There is a very meaningful quote on the work that a nurse does:
“Nurse: just another word to describe a person strong enough to tolerate anything and soft enough to understand anyone.”
In this session of “A Day in the Life of…” we speak with Nurse Divya Darshini, a nurse at American Oncology Institute.
Nurses are often silent worker ants, who unceasingly bustle around hospitals and clinics making sure everything is managed efficiently. One such nurse is Nurse Divya. Originally from Kerala, she has worked in major hospitals around the country for the last 15 years.
Here’s looking at the workings of a nurse’s mind and what it takes to take care of people round the clock.
How it began
Nurse Divya’s mother was a nurse who spent most of her working hours in the operation theatre, assisting doctors through critical procedures.
Growing up, Divya wanted to be just like her mother. Listening to her mother talk about her work made Divya want to study medicine.
While most of us think of a hospital as an unhappy place, associating it with sickness, Nurse Divya couldn’t wait to start her career at a hospital. In fact, she wanted to be a part of the most hectic department: the emergency department.
Being there to save someone’s life, working with her hands, on her feet, using her words to sooth and instruct at the same time; that was the sort of career Nurse Divya envisioned for herself.
However, she found herself in a department she had not quite considered: oncology. The challenges here were quite different to that of an emergency department.
A complex disease like cancer requires months of treatment and the patients tend to form a bond of familiarity with the medical staff who attend to them, particularly the nurses.
The Most Difficult Part
According to Nurse Divya, the worst part of her job is helping break bad news to patients and their families. She recalls speaking to the mother of a two year-old with cancer. Watching the mother holding on to her child and crying was the most painful experience for Divya. She could not help but put herself in the mother’s shoes. Motherhood is precious and to know that you will lose your child is unbearable for anyone.

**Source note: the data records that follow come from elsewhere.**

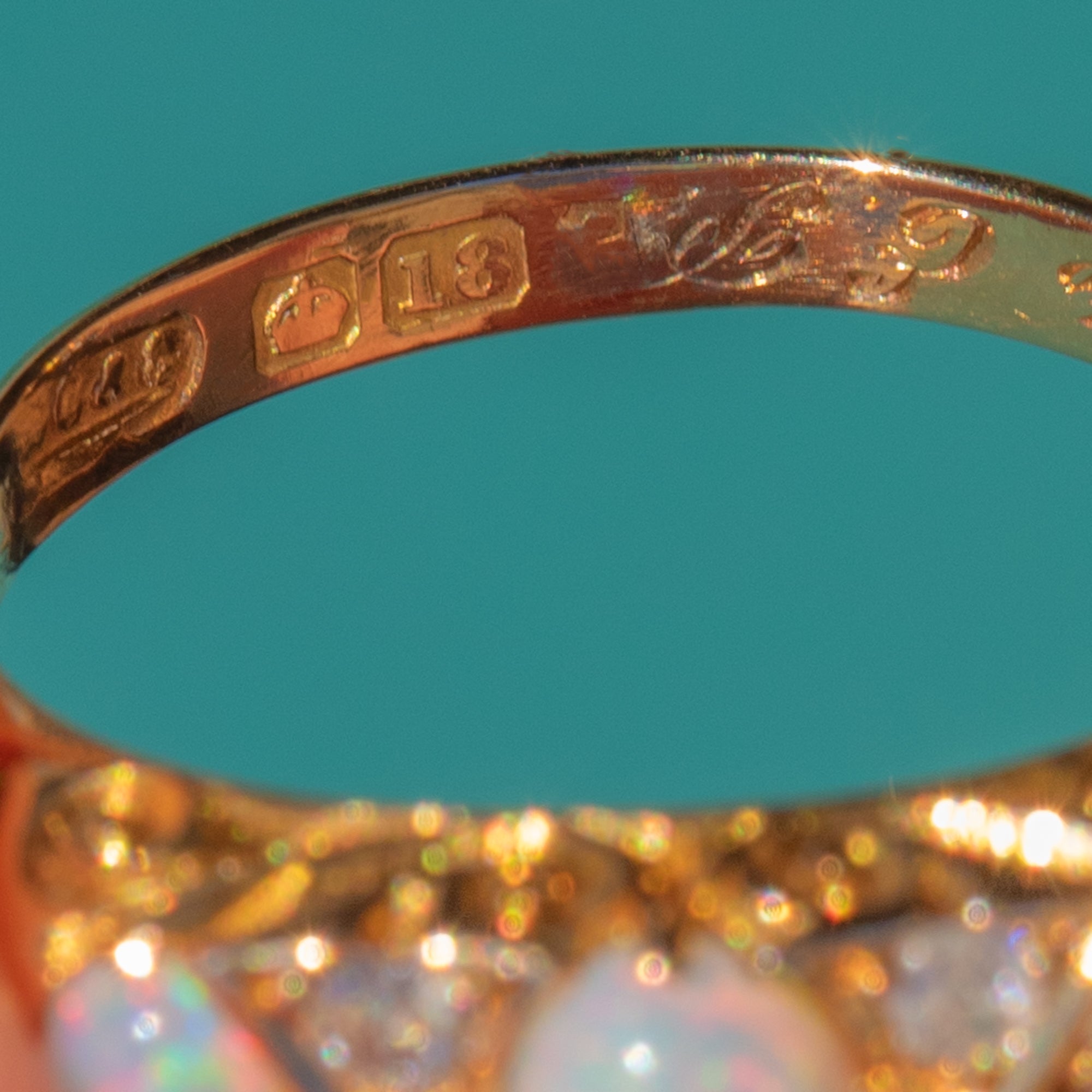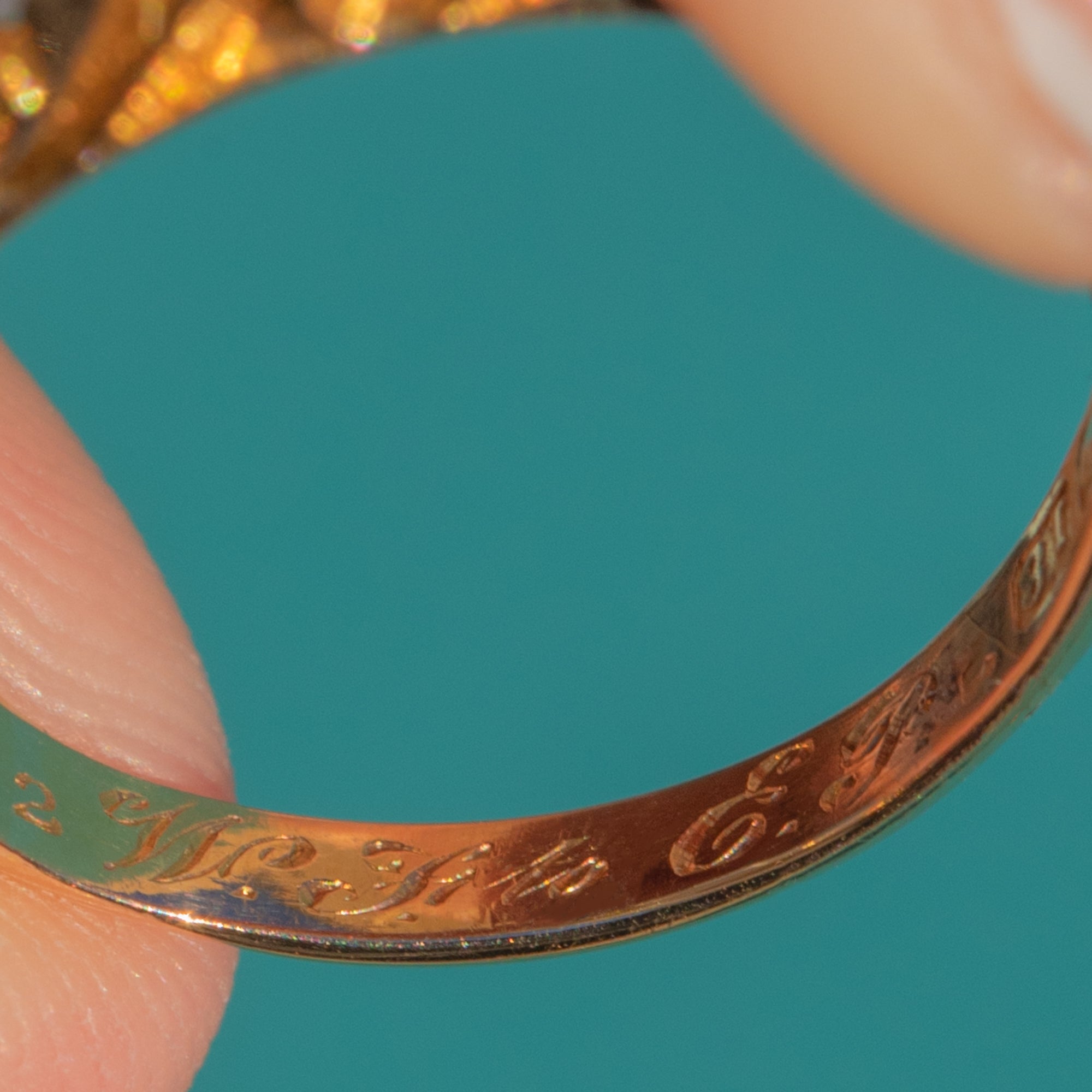 The gallery and shoulders are beautifully carved with scrolling detail, flowing into a smooth Gold band that tapers elegantly at the back. Inside the shank you’ll find an engraved “LM” monogram, adding an extra layer of sentiment and history to this special piece.
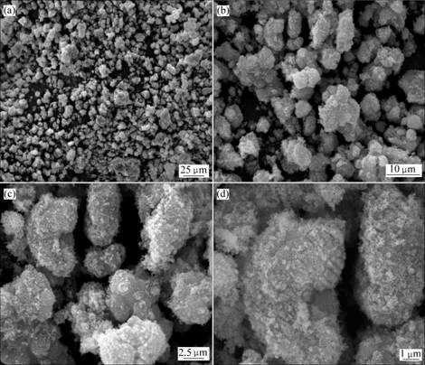 图4所示为不同放大倍数下氧化镍样品的扫描电镜照片。从图4可以看到,样品由比较规整的近球形颗粒组成,颗粒分布均匀,平均颗粒大小为1~3 μm。在放大倍数较高(如图4(c)和(d))时,可以明显地看到,大颗粒表面吸附了很多纳米级的小颗粒,形成团聚体,这是由于小颗粒比表面积大,表面自由能高,结构不稳定,容易相互团聚在一起形成大颗粒或者吸附在大颗粒表面,以降低其表面能。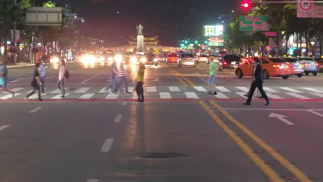 SEOUL, SOUTH KOREA – JULY 216 : Video shot of people crossing main street at night with traffic and tall buildings in view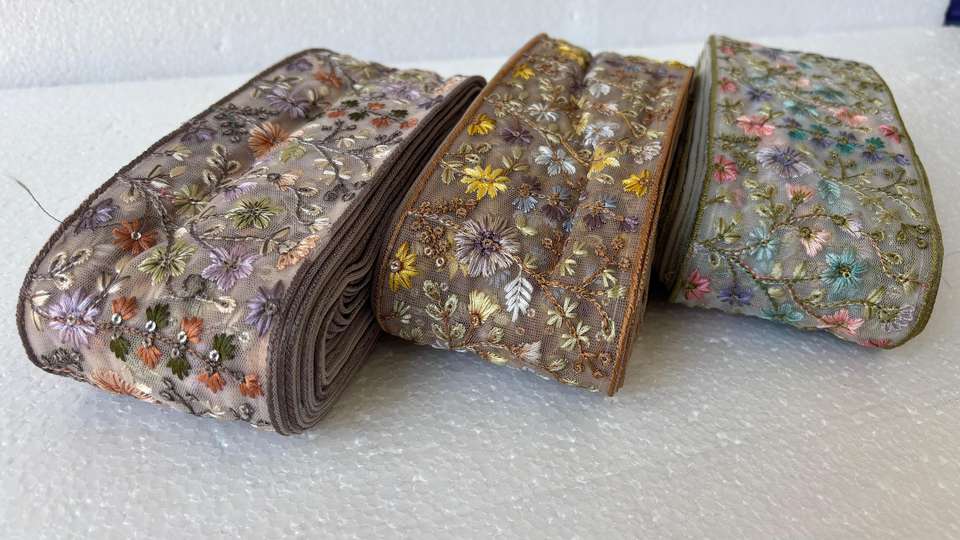 Dentelle de voile brodée à la machine, florale, multicolore, de luxe, large, 1'' 1 7/8'' de largeur, écologique, pour robe de mariée et vêtement ethnique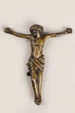 CHRIST en bronze, pieds superposés. Style XVème siècle. H. 9 cm.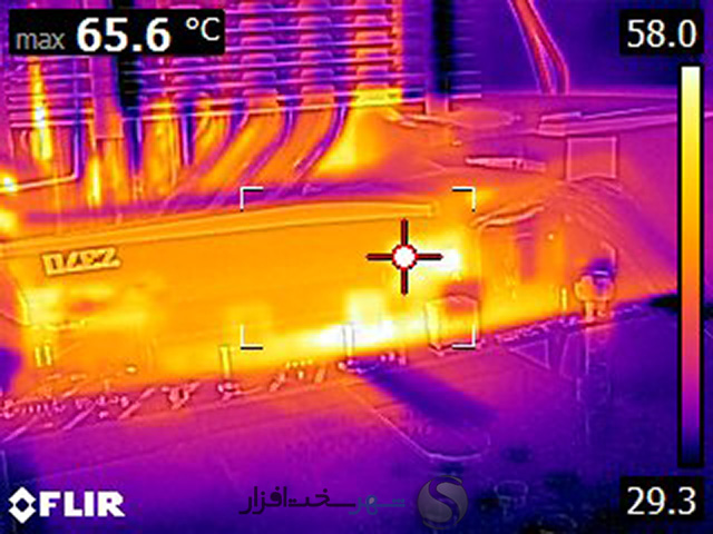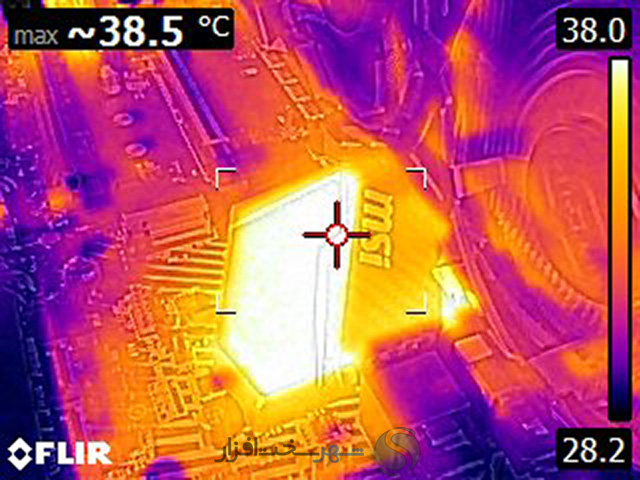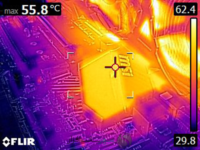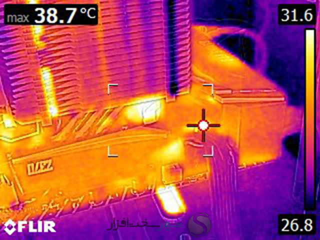 در این تست نیز حرارت داغترین نقطه از هیتسینک و یا قطعات مربوط به مدار رگولاتور ولتاژ پردازنده (VRM) و چیپست PCH را در دو وضعیت شرح داده شده در تست مدیریت مصرف انرژی با استفاده از دوربین حرارتی FLIR E5 اندازهگیری کردیم.تصاویر ثبت شده در حالت بی باری (Idle) :

Of course, on a daily basis, there are many pressures. The patients and caregivers tend to expect the nurses to fix everything. If they are unhappy with the lunch served, or with the services of housekeeping, they expect the nurse to take care of it. In that sense, nurses are the communications team, linking the patient to all other departments.
Often the patients and caregivers end up taking their frustrations out on the nurse on duty; shouting at them or complaining about them. But Nurse Divya doesn’t seem to mind that. She thinks it’s natural for patients in such stressful situations to feel a lot more anger and stress than the rest of us. So if they need to vent, then they should.
It’s this spirit of acceptance and patience that has helped her last for all these years in a highly demanding profession. She considers handling stress part of the job description.
Once she finishes her shift at work, Nurse Divya goes home to her husband and two children. Her job as a mother starts then.
Cooking for the kids, making sure they have their dinner, assisting them with homework, listening to their stories about school and friends, preparing for the next day … all of this goes into her evening.
She is very clear that the stress from the hospital cannot be allowed into the home. It has to be left behind. At home, there are different things to figure out and stress about. These things also deserve her full attention and she cannot compromise on her duties towards her home.
Like many women today. Nurse Divya juggles between work and home like an expert, soaking in the needs and expectations of patients and her family with equal calm.
How does she relax? She feels listening to her children talk is relaxing. Having a good chat with her colleagues at work is also relaxing. It is these light moments in between that help her retain her energy and cheefulness.
Advice to young nurses
Nurse Divya knows that many young women are attracted to nursing as a profession because it fetches better salaries and could help them go abroad as well. She wants to tell them that being a nurse is much more than salary and job opportunities.
Nursing requires a lot of endurance, be it accepting harsh words from caregivers and patients, to being pulled up by doctors or senior nurses for mistakes.
It also requires empathy. Nurse Divya clarifies that it is not sympathy, but empathy that a nurse is required to give her patients. Being able to see the situation from their perspective helps us be patient towards them. However bad your day has been, it’s not going to be a s bad as the day your patient is having. Remembering this, helps her keep her own reactions in check.
Thank you, nurses!
When we talk about oncology, we often allude to experts and scientists who are at the forefront of innovative treatments. But the main pillar of our treatment units are our nurses who manage our patients’ needs on a daily basis. Without them, not just our patients, but even our oncologists would find their day far more difficult to manage.
Onco.com thanks all the nurses for their relentless service to humanity.